The funeral procession brought out the entire city of Amiens, which Verne served as councilor and beloved adopted son as well as members of the French government, scientific and literary establishments. Verne's politics leaned to the left, as Romanticism tends to, but his positions on specific issues were a typically Catholic melange of liberal and conservative stands that do not fit easily into the left-right political spectrum. He warned against excesses of either extreme, either too much capitalism or too little, too much government or too little. He was on the side of revolutionaries - as in 1878 - until they went too far into violence and bloodshed, and then he was on the side of law. Above all he carried a respect for the person and their healthy emotional, spiritual, artistic, and economic development. "In social matters my taste is order;" he said, "in politics my hope is to create within the present government a reasonable party that balances respect for justice and religious belief with consideration for people, the arts, and life itself." This is not very different from the "blend[ing] together science and romance" and the mission "to outline all the... knowledge amassed by modern science and to recount, in an entertaining and picturesque format...the history of the universe." His drive to merge disparate elements into a comprehensive, coherent whole affected every area of his life, making him universally loved and mourned.

The great chain of mourners went from the church, past the Cirque, to the Cimetière de la Madeleine. Verne delivered the speech on the Cirque's opening day, and in 2003 it was renamed in his honour. It sits mightily just down the street from Verne's two homes, and the Boulevard Longueville has since been renamed Boulevard Jules Verne.

Cirque Jules Verne
 

Cartoon placards promote pedestrian safety en route to the Cimetière de la Madeleine.  
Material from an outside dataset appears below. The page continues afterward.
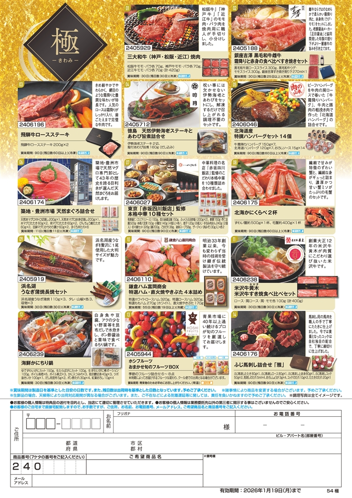 以下の14点よりお選びいただけます。 三大和牛(神戸・松坂・近江)焼肉 銀座吉澤 黒毛和牛雌牛 霜降りと赤身の食べ比べすき焼きセット 飛騨牛ロースステーキ400g 徳島 天然伊勢海老ステーキとあわび旨煮詰合せ 北海道産 特選ハンバーグセット14個 築地・豊洲市場 天然まぐろ詰合せ 東京「赤坂四川飯店」監修 本格中華10種セット 北海かにくらべ2杯 浜名湖うなぎ蒲焼長焼セット 鎌倉ハム 特選ハム・直火焼やきぶた4本詰め 米沢牛黄木 米沢牛すき焼食べ比べセット 海鮮かにちり鍋 ホシフルーツ おまかせ旬のフルーツBOX ふじ馬刺し詰合せ「雅」

Covering 18 hectares, the Catholic Cimetière de la Madeleine lies outside the city and reflects the affluence of the citizens during the Nineteenth Century. Today, vines and trees have overgrown many of the Gothic Revival crypts, rust and decay claiming tombs and iron details. Though listed on tourist brochures, the cemetery is silent, solemn and empty, but for the odd raven disturbed at the invasion of its aerie. Deep within lies the final resting place of the great author. Sculpted by Albert-Dominique Roze and entitled "Towards Immortaility and Eternal Youth," Verne's grave depicts him rising from the ground, overturning the stone holding down his spirit, soul and imagination. Though gone to this world, Jules Verne has achieved immortality both through his works and a Divine hope.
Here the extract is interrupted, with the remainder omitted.